[Collection entries]
————

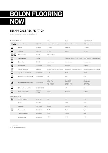 Now is verkrijgbaar in 6 kleurcombinaties, zowel in rollen van 200 cm breed als in tegels van 50x50 cm. De collectie is ook te bestellen met de extra acoustische ISI-backing van Bolon.Net als alle andere producten van Bolon is Now ijzersterk, volledig projectgeschikt en gemakkelijk te onderhouden.
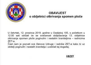 ← Skupština Udruge branitelja ZET-a Odavanje počasti Branku Pleši →
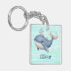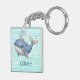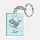 Denna personliga nyckelring för barn har en söt, fantasifull val i en livfull rosa och blå färgskala, som simmar lekfullt med en liten hatt.
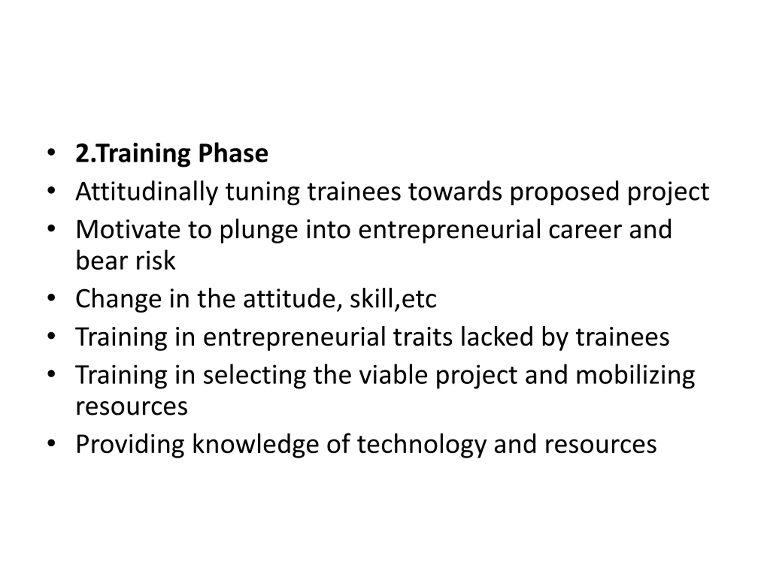 2.Training Phase Attitudinally tuning trainees towards proposed project Motivate to plunge into entrepreneurial career and bear risk Change in the attitude, skill,etc Training in entrepreneurial traits lacked by trainees Training in selecting the viable project and mobilizing resources Providing knowledge of technology and resources
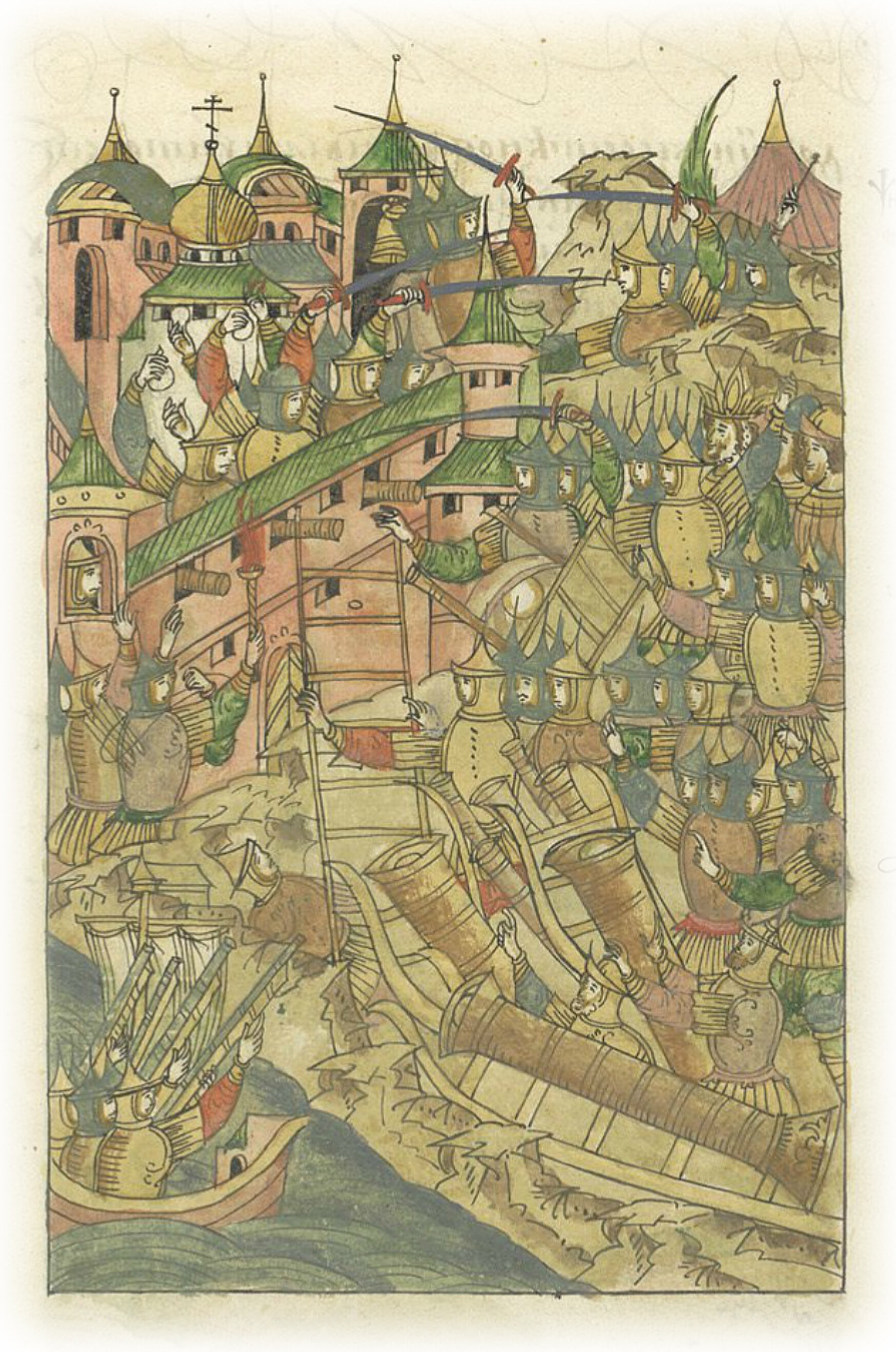 Когда же безбожные турки всех людей со стен сбили, по всем сторонам вскричало все воинство, и разом со всех сторон напали на город, крича и вопя: одни с различными огнями, а другие с лестницами, иные же со стенобитными приспособлениями и многими кознями, (приготовленными) для взятия города. Городские же люди с криками и воплями бились с ними крепко.
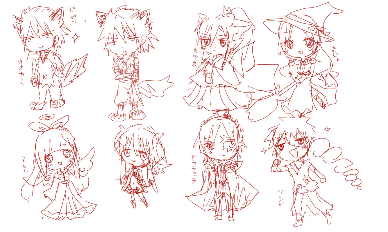 個人的に白瑛さんと紅玉ちゃんがお気に入りです!女の子は描くのも衣装考えるのも楽しいですね。
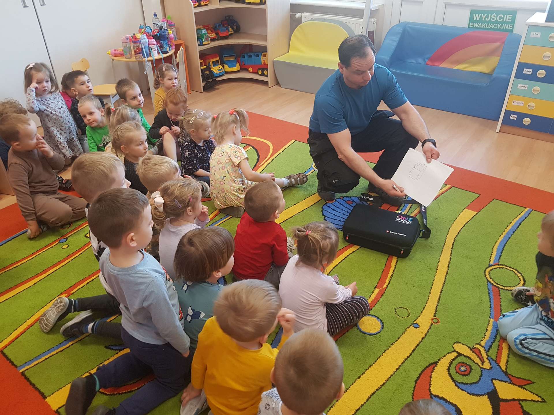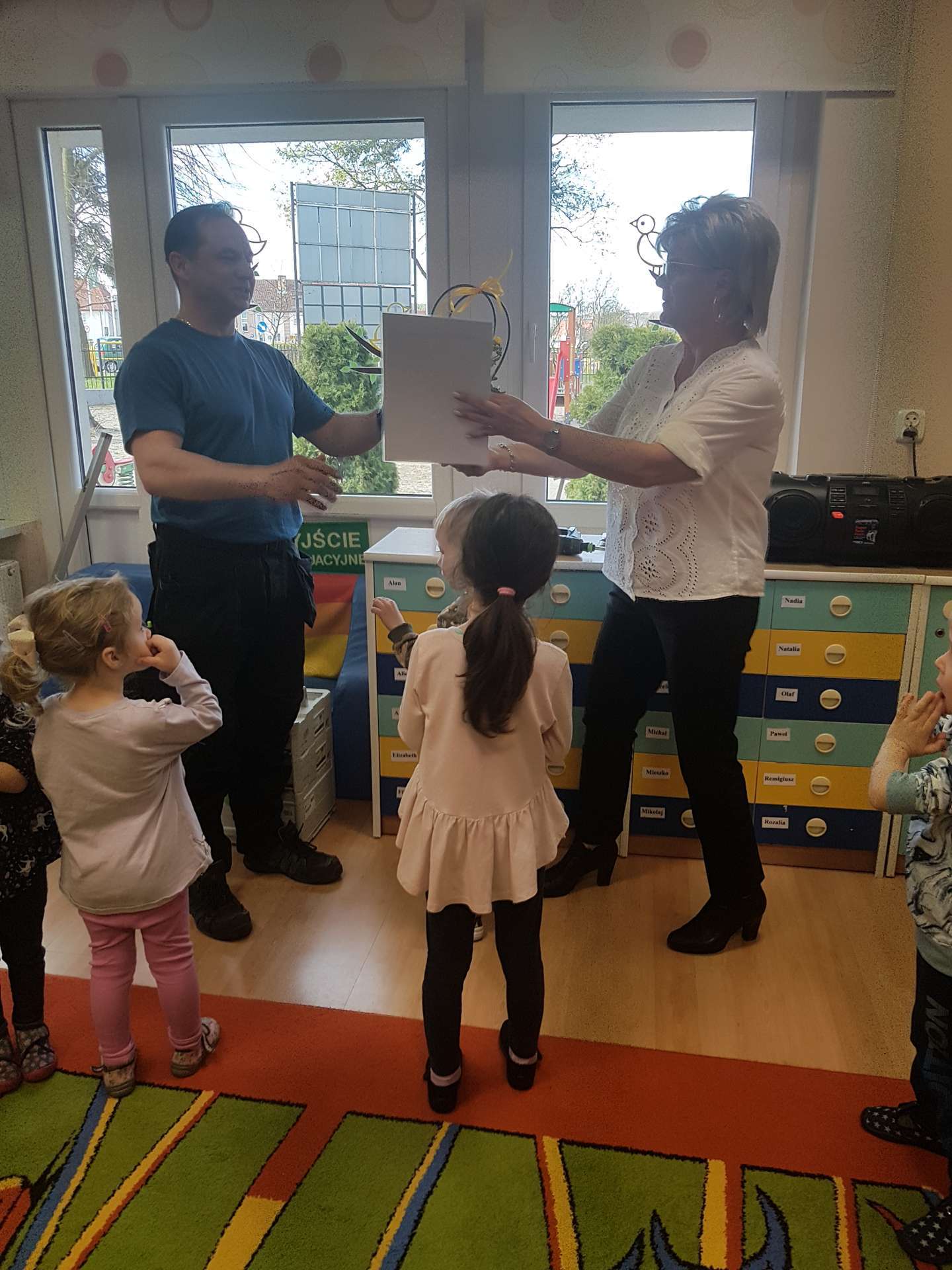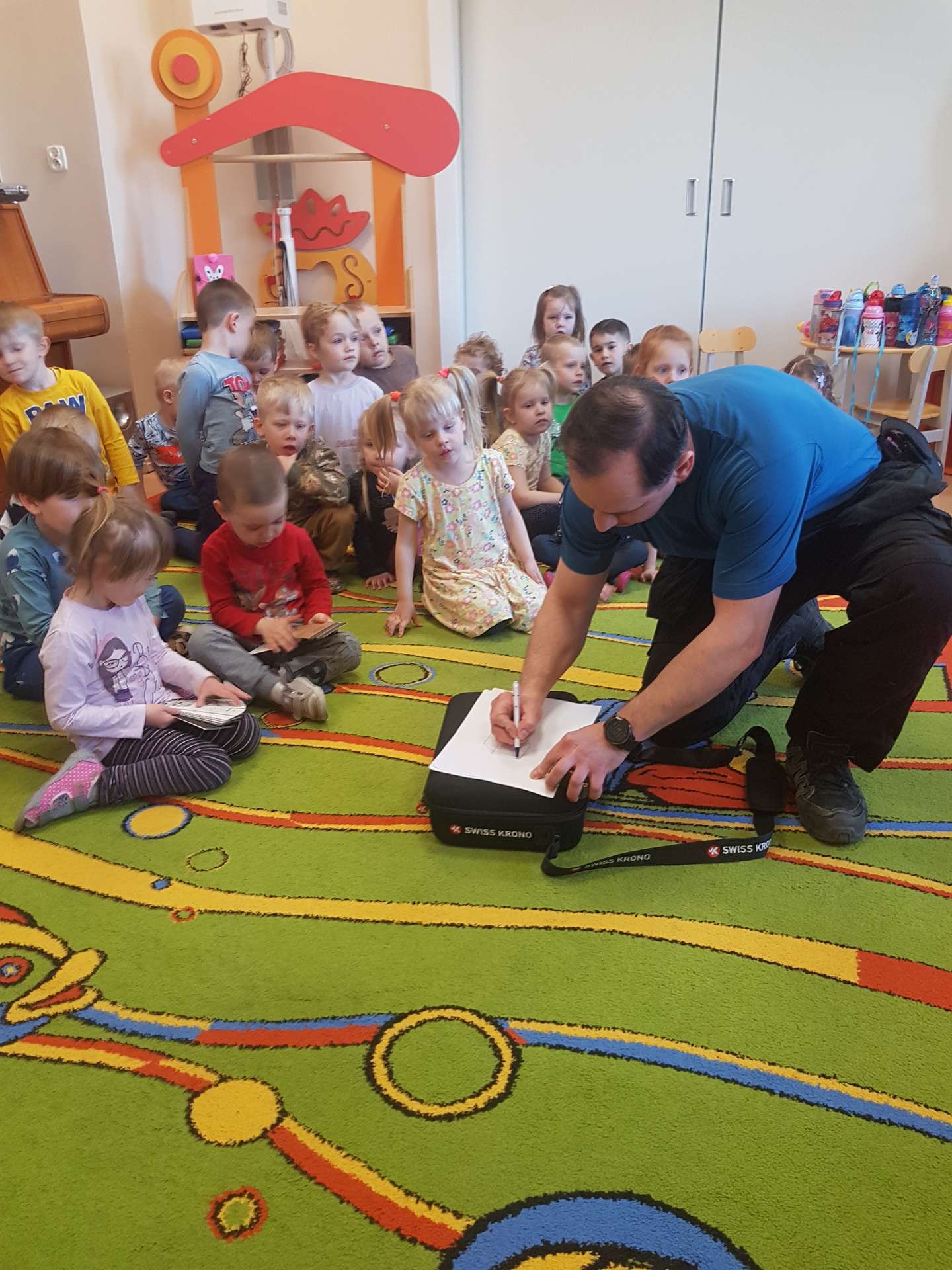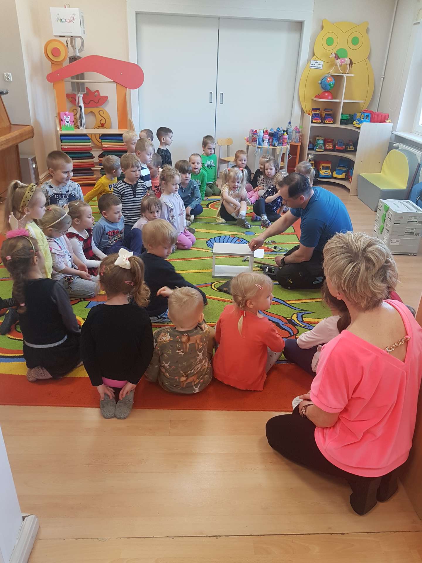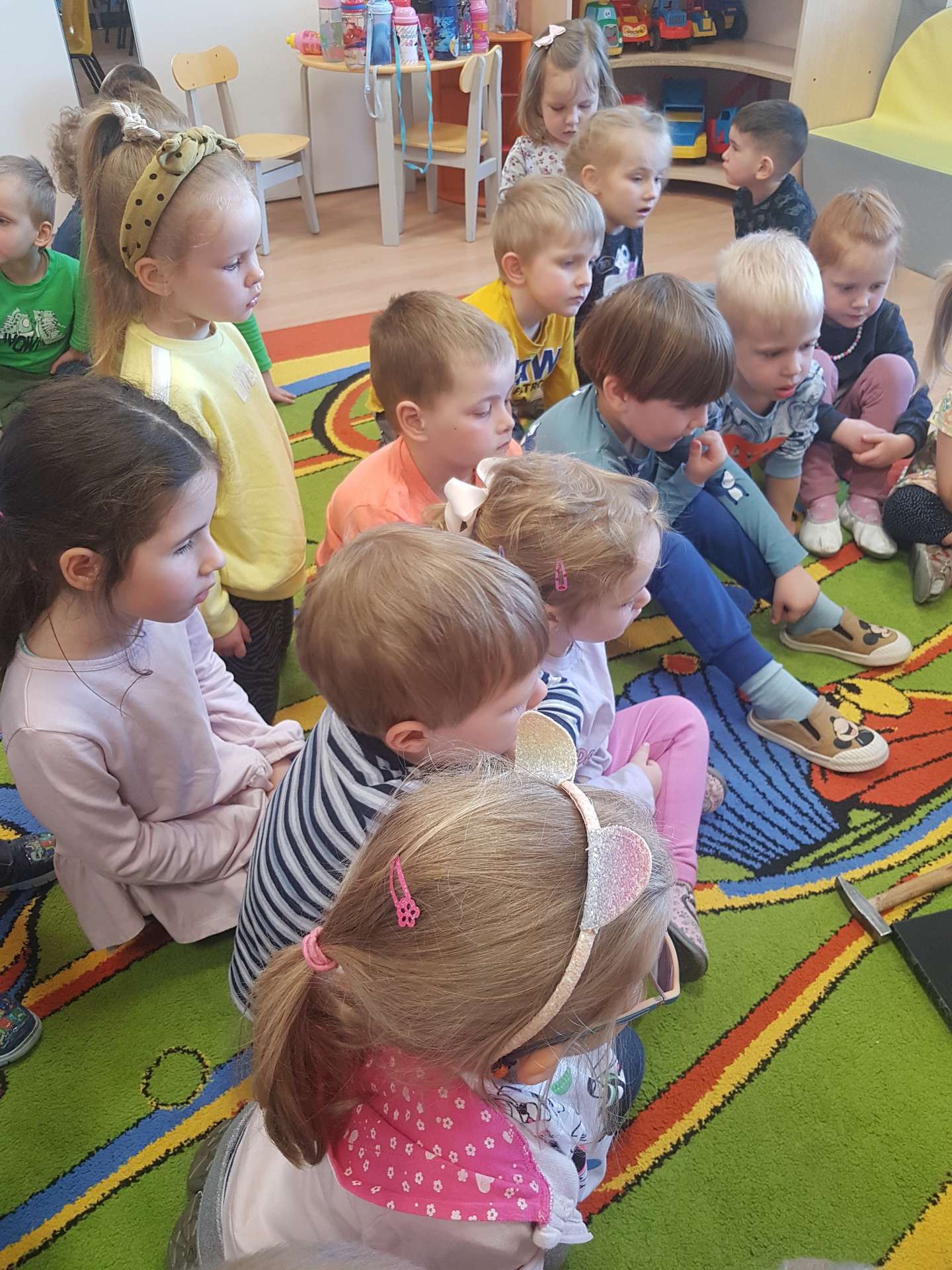 I kolejny gość w naszym przedszkolu w ramach cyklu zajęć "Poznajemy zawody". Tym razem dzieci najmłodsze poznały pracę stolarza. Pan Andrzej Lewandowski bardzo ciekawie opowiedział dzieciom, jak wygląda praca stolarza. Przedstawił narzędzia stolarskie, materiał, z jakiego wykonuje się meble, opowiedział o procesie powstawania różnych elementów stolarskich. Pokazał dzieciom także wzorniki kolorów płyt i drewna Zwrócił także uwagę na to, że stolarz musi być bardzo precyzyjny. Dużą frajdą dla dzieci było wspólne zbudowanie szafki na klocki. Przybijanie gwoździ i wkręcanie śrubek to nie tylko radość dla chłopców. Dziewczynki również chętnie wykonywały te czynności.

————

> _What to work on_:
Repeat exactly and only the lines from the start of the data above through the line that holds "個人的に白瑛さんと紅玉ちゃん", inclusive. Pictures do not belong in the copy.

> _Response below_:
 Now is verkrijgbaar in 6 kleurcombinaties, zowel in rollen van 200 cm breed als in tegels van 50x50 cm. De collectie is ook te bestellen met de extra acoustische ISI-backing van Bolon.Net als alle andere producten van Bolon is Now ijzersterk, volledig projectgeschikt en gemakkelijk te onderhouden.
 ← Skupština Udruge branitelja ZET-a Odavanje počasti Branku Pleši →
 Denna personliga nyckelring för barn har en söt, fantasifull val i en livfull rosa och blå färgskala, som simmar lekfullt med en liten hatt.
 2.Training Phase Attitudinally tuning trainees towards proposed project Motivate to plunge into entrepreneurial career and bear risk Change in the attitude, skill,etc Training in entrepreneurial traits lacked by trainees Training in selecting the viable project and mobilizing resources Providing knowledge of technology and resources
 Когда же безбожные турки всех людей со стен сбили, по всем сторонам вскричало все воинство, и разом со всех сторон напали на город, крича и вопя: одни с различными огнями, а другие с лестницами, иные же со стенобитными приспособлениями и многими кознями, (приготовленными) для взятия города. Городские же люди с криками и воплями бились с ними крепко.
 個人的に白瑛さんと紅玉ちゃんがお気に入りです!女の子は描くのも衣装考えるのも楽しいですね。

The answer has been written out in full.